- Do zaręczyn dojdzie na dniach - wyznał w rozmowie z "Super Expressem" Robert Stockinger. Aby uniknąć wpadki i żeby pierścionek leżał idealnie, para postanowiła poszukać go razem. W jednym z centrów handlowych w Warszawie długo wybierali ten idealny.
- Już wcześniej rozmawialiśmy o zaręczynach. Teraz mam nadzieję, że Ola nie zmieni decyzji i powie "tak" - wyznał Robert.
Para poznała się dzięki ojcu Roberta, Tomaszowi Stockingerowi (54 l.), pół roku temu. Senior rodu oraz Ola byli gwiazdami czwartej edycji show "Jak Oni śpiewają". Robert w studiu cały czas kibicował ojcu. Wtedy też w oko wpadła mu Ola.
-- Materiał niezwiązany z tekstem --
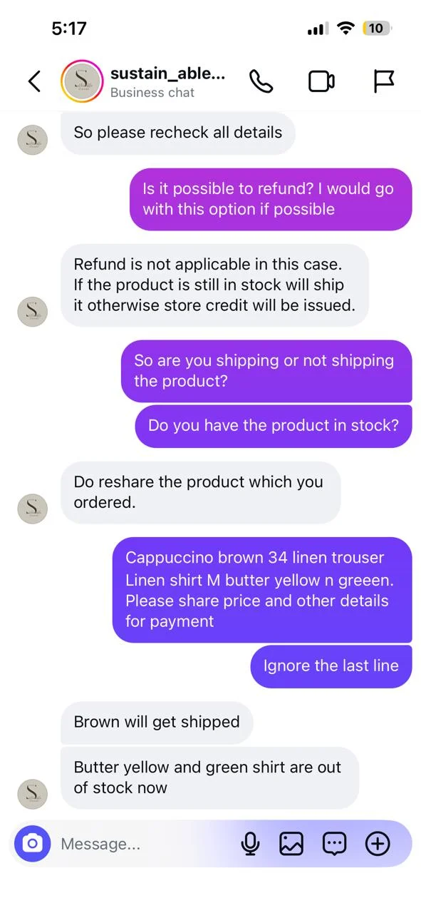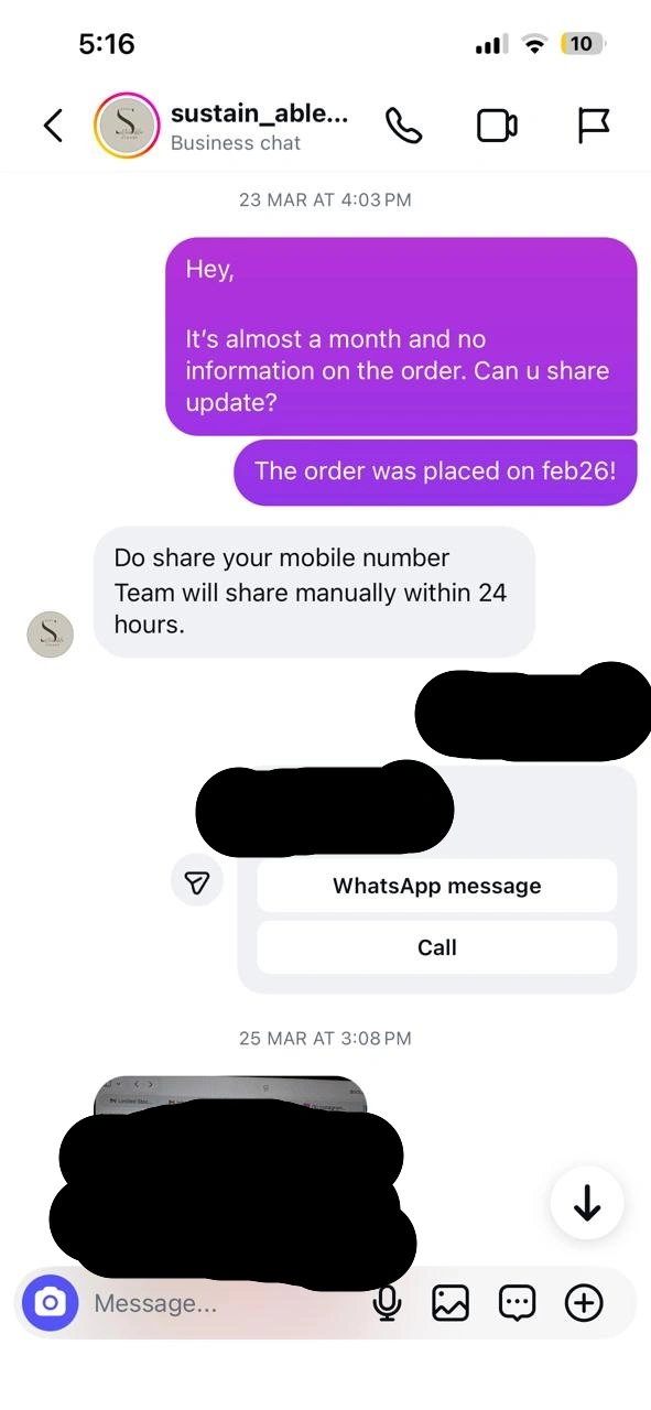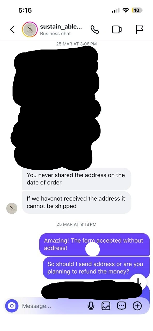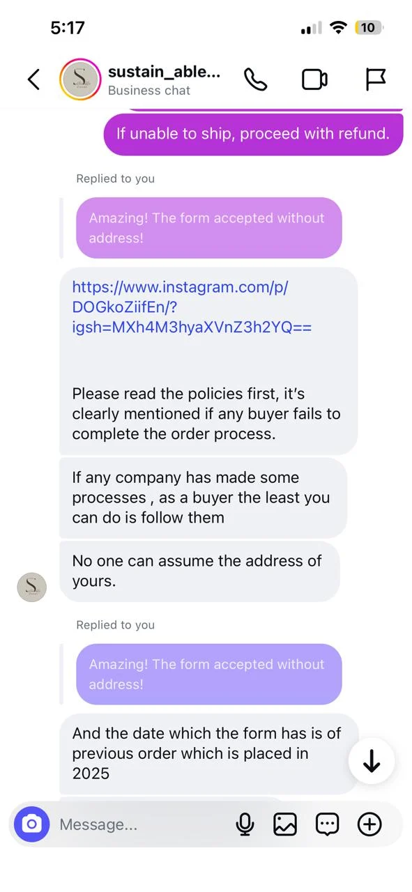 "I recently ordered from an Instagram clothing store (IG handle - "sustain_able_closet") and wanted to share my experience so others can be cautious. The delivery was significantly delayed beyond the promised timeline There was no proactive update from their side On following up multiple times, I didn’t get a clear confirmation on whether the order was even shipped In one of the conversations,…"I recently ordered from an Instagram clothing store (IG handle - "sustain_able_closet") and wanted to share my experience so others can be cautious. The delivery was significantly delayed beyond the promised timeline There was no proactive update from their side On following up multiple times, I didn’t get a clear confirmation on whether the order was even shipped In one of the conversations, instead of addressing the issue, the seller responded rudely and shifted the blame onto me, claiming I hadn’t provided proper details (which I had) The details were shared in google forms and upon furnishing all the details - the insta shop owner had the audacity to blame me. It's sheer common sense that without furnishing the details - the form won't have a submission complete status The insta store owner displayed a narcissistic behavior I’m attaching screenshots of the conversation for full context. Not saying everyone will have the same experience, but based on mine, I’d strongly suggest to refrain from transacting with this provider. “This didn’t feel professional or trustworthy at all.” “Decide for yourself after seeing the screenshots.”

Aktorka tak była zauroczona przystojnym mężczyzną, że zerwała nawet ze swoim chłopakiem, Maciejem.
Teraz zakochani pomimo młodego wieku planują wspólną przyszłość.
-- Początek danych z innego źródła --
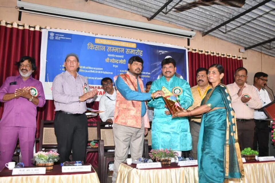 शेतकरी सन्मान निधी चे देशभरातील 9.8 कोटी शेतकऱ्यांच्या खात्यात 22 हजार कोटी जमा करण्यात आले.मागील 2019 पासून ही शेतकरी सन्मान निधी योजना सुरू असून आता पर्यंत अव्याहतपणे सर्व हप्ते शेतकऱ्यांना मिळाले आहेत.शेतकऱ्यांना वर्षाला मिळणारे 6 हजार रुपये ही शेतकऱ्यांसाठी मौलिक मदत ठरत आहे.या पीएम शेतकरी सन्मान निधीचा महिला शेतकरी ही मोठ्या प्रमाणात लाभ घेत आहेत.प्रधानमंत्री नरेंद्र मोदी हे शेतकऱ्यांच्या पाठीशी उभे आहेत असा विश्वास ना.रामदास आठवले यांनी व्यक्त केला.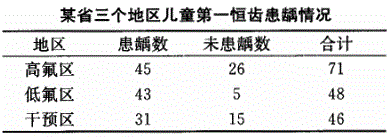 某省从3个水中氟含量不同的地区随机抽取10~12岁儿童,进行第一恒齿患龋率的调查,结果如下表:
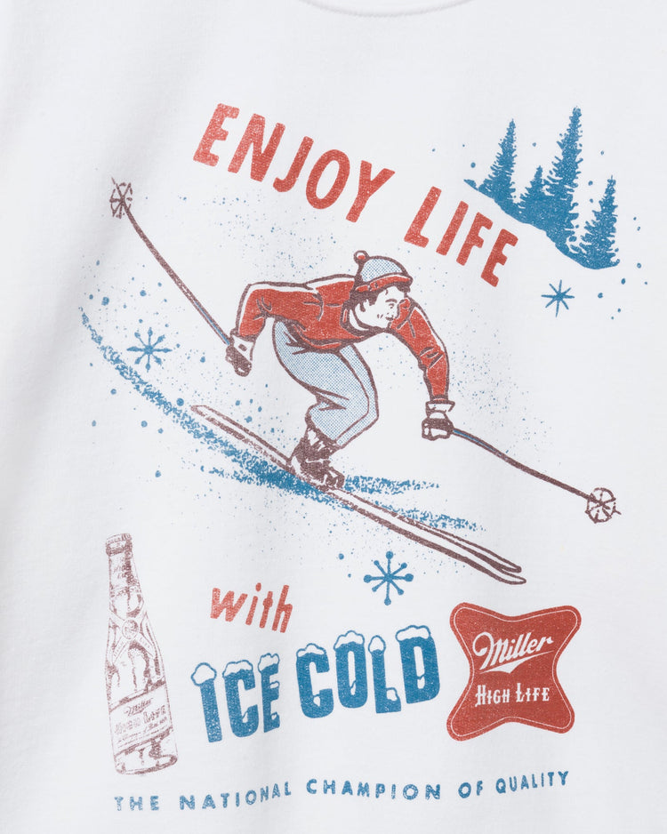 The Miller High Life Ice Cold Flea Market Fleece features a retro skier graphic with the slogan "Enjoy Life with Ice Cold Miller High Life." Combining vintage vibes with the cozy warmth of soft fleece, this design is perfect for beer lovers who want to embrace a classic, outdoorsy winter look.

- Kiedy ślub? Może za rok, wszystko zależy od tego, czy Ola powie "tak" - zdradza Robert. - Czy nie za wcześnie na taką decyzję? Raczej nie. Jakby było za wcześnie, to byśmy się nie zaręczali, nie podjęlibyśmy takiej decyzji - dodaje.
Miłość obojga rozwijała się w błyskawicznym tempie. Robert wspierał Olę w trudnych chwilach podczas jej matury i pracy na planie seriali "Rodzina zastępcza" i "Teraz albo nigdy". A teraz chce paść na kolana i prosić o rękę.